This article describes how to use a heat map to visualize matrices that contain a small number of discrete values. (EDIT: As of SAS 9.4m1, there is an easier way to create heat maps of matrices in SAS/IML. See the articles about continuous heat maps and discrete heat maps.)
A structured covariance matrix
In my book Simulating Data with SAS, I simulate data from a repeated-measures model that has a block-diagonal covariance structure. The following SAS/IML statements create a 45 x 45 matrix that consists of nine 5 x 5 blocks:
proc iml; k=5; /* number of repeated measurements */ s=9; /* number of individuals */ B = 1.4*j(k,k,1) + 2*I(k); /* compound symmetric matrix */ R = I(s) @ B; /* block-diagonal matrix */ print R;
This matrix is too large to easily view in printed form, but you can create a heat map that visualizes the matrix by assigning colors to the three values in the matrix.
Create a data set for the matrix in "long form"
I need to write the SAS/IML matrix to a data set so that it can be read by PROC SGRENDER, which will create the heat map by using a custom GTL template.
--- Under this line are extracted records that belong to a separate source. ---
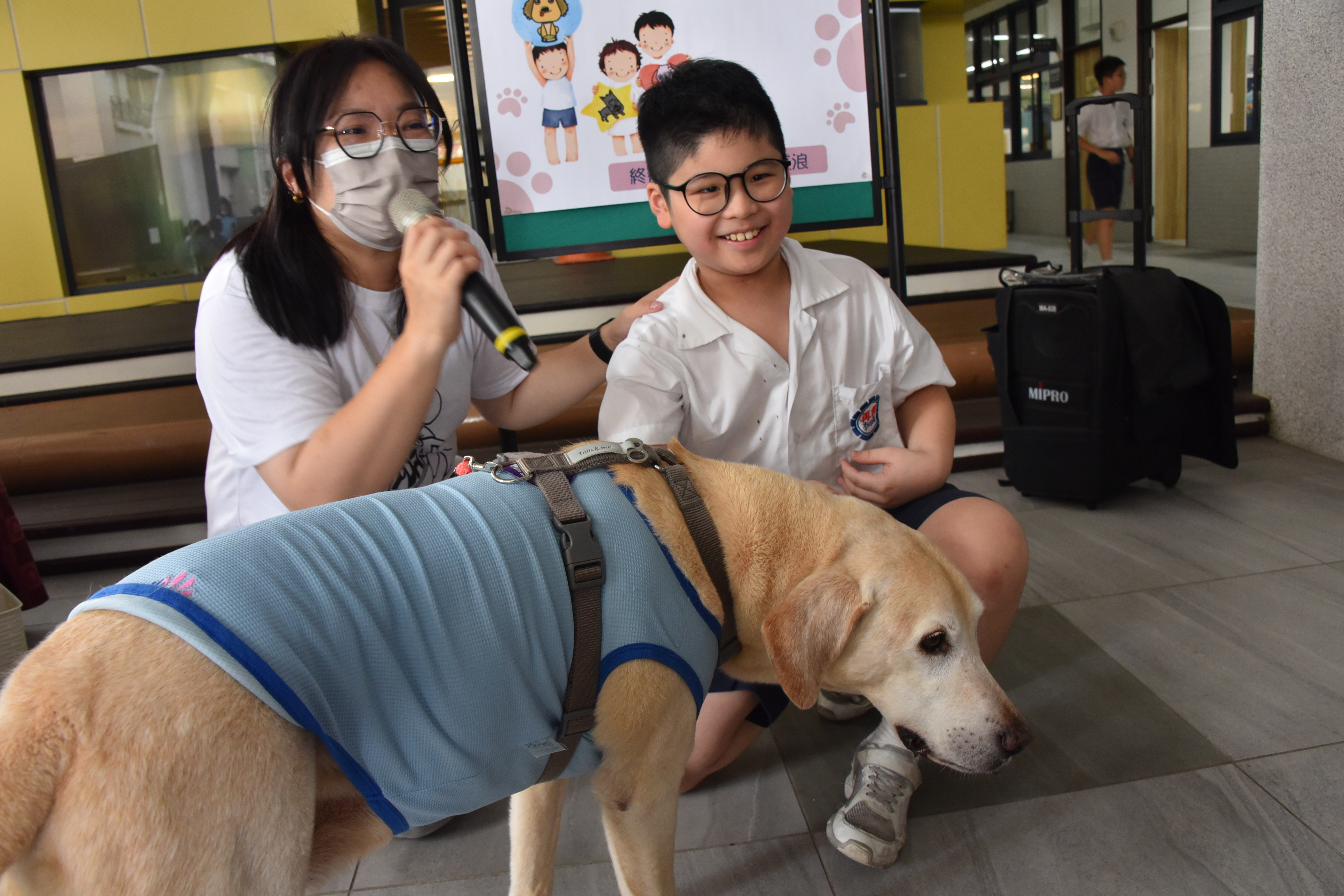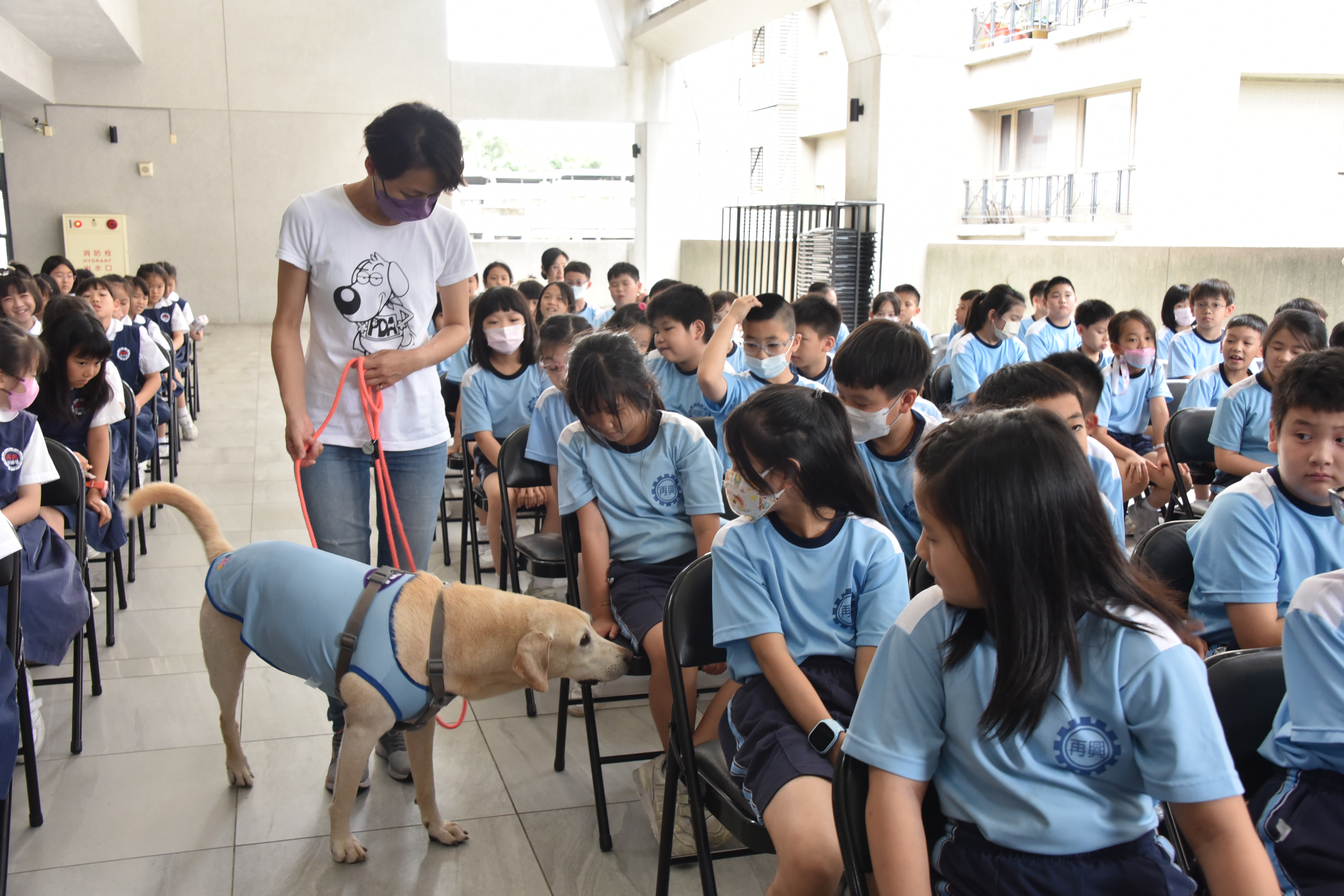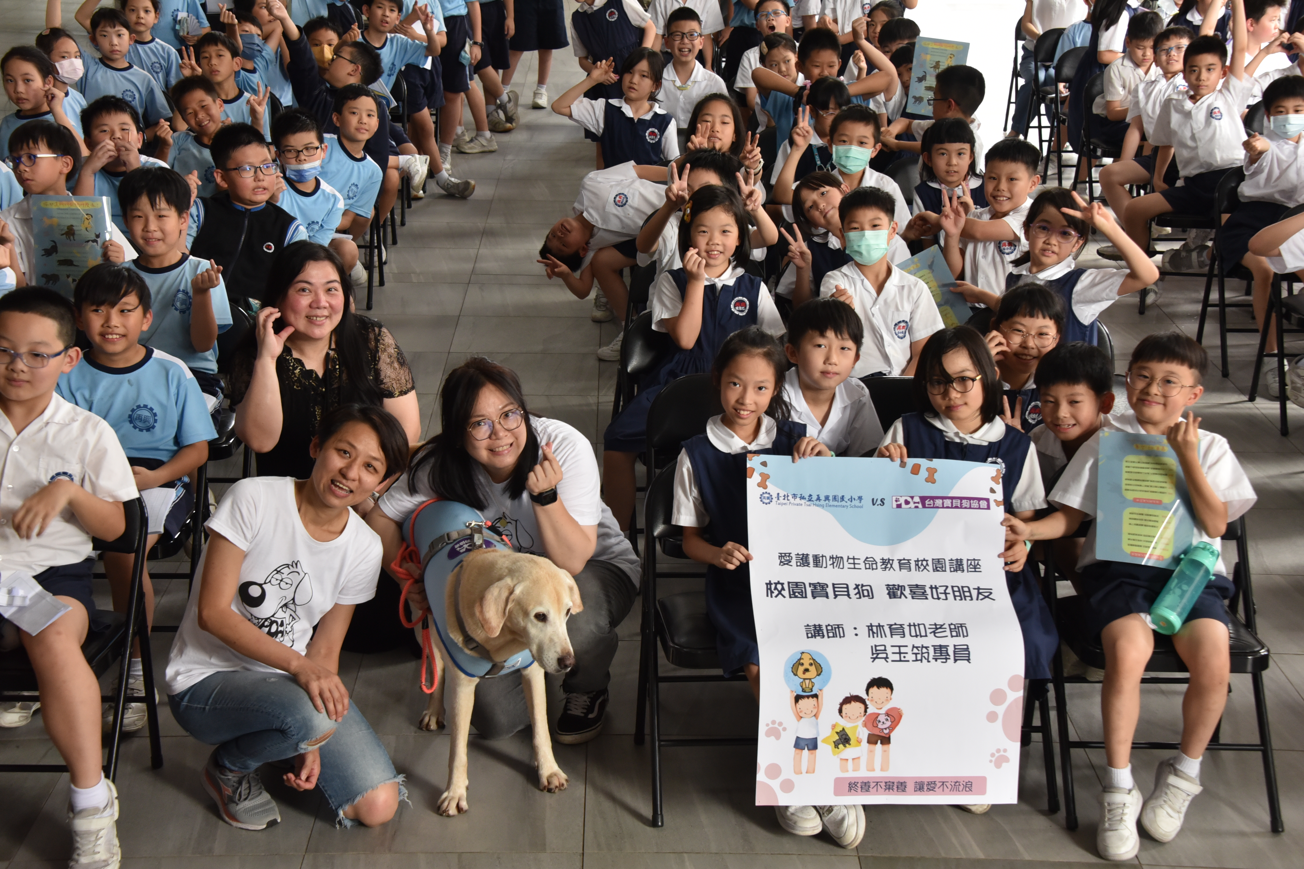 6月11日學校邀請到台灣寶貝狗協會林育如講師、吳玉筑專員,蒞校進行愛護動物生命教育校園講座,主題為「校園寶貝狗 歡喜好朋友」。這次的活動包含與犬隻安全互動的正確方式、「領養不棄養 新店動物之家」影片觀賞、良好互動示範、讓學童體驗近距離接觸及有獎徵答等,讓小朋友學會如何與狗安全互動、了解飼養寵物的正確觀念,並建立尊重生命的價值觀。 |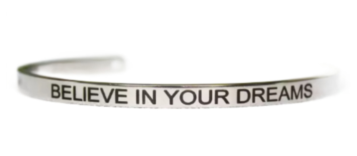 Nerezová ocel náramek stříbrný s gravírováním Věř ve své sny, otevřená manžeta, 4 mm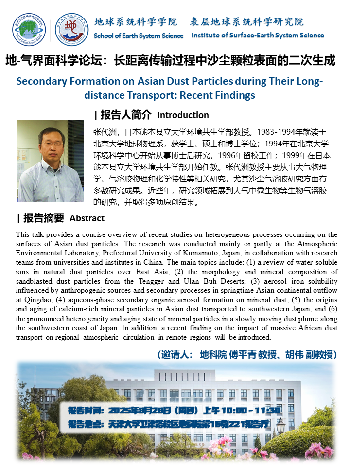 主讲嘉宾:张代洲,日本熊本县立大学环境共生学部教授。1983-1994年就读于北京大学地球物理系,获学士、硕士和博士学位;1994年在北京大学环境科学中心开始从事博士后研究,1996年留校工作;1999年在日本熊本县立大学环境共生学部开始任教。张代洲教授主要从事大气物理学、气溶胶物理和化学特性等相关研究,尤其沙尘气溶胶研究方面有多项研究成果。近些年,研究领域拓展到大气中微生物等生物气溶胶的研究,并取得多项原创成果。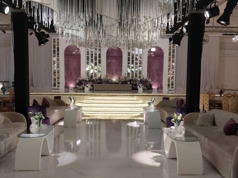 الأجواء داخل القاعة تتميز بديكورات فخمة تتناغم مع الإضاءة والتقسيم الداخلي لتخلق بيئة راقية ومناسبة لكل أنواع المناسبات. كل زاوية من القاعة تم تنسيقها بعناية لتمنح الضيوف شعورًا بالرفاهية والتميز.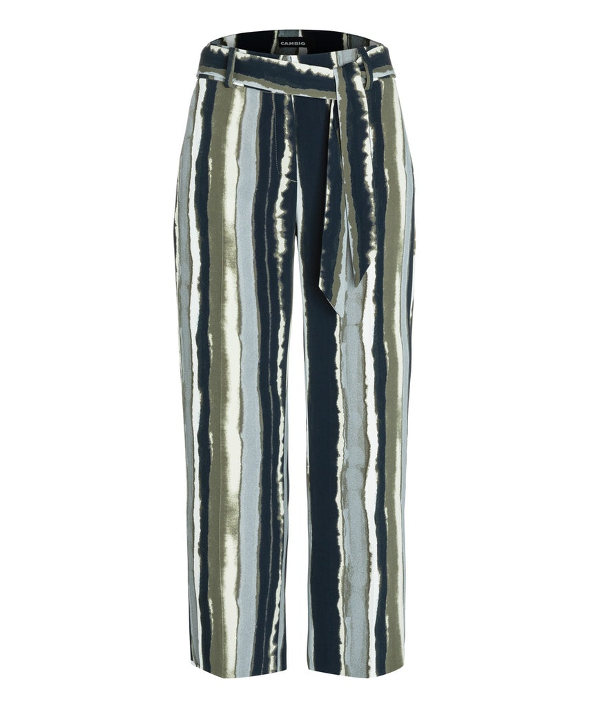Freizeithose, Weites Bein, Stoffgürtel, Muster

It turns out that the HEATMAPPARM statement in the GTL language requires that the data set represent the matrix in "long form," which I have discussed in a previous blog post. For specific details, you can download the SAS program that generates the plots in this article.
A template for visualizing a matrix with a small number of unique values
The template to visualize the heat map is straightforward. It contains the following noteworthy features:
- The DYNAMIC statement enables you to specify the names of the data set variables at run time. I like to use this statement so that I can re-use my templates, but you are welcome to hard-code the names of the variables into the template if you prefer.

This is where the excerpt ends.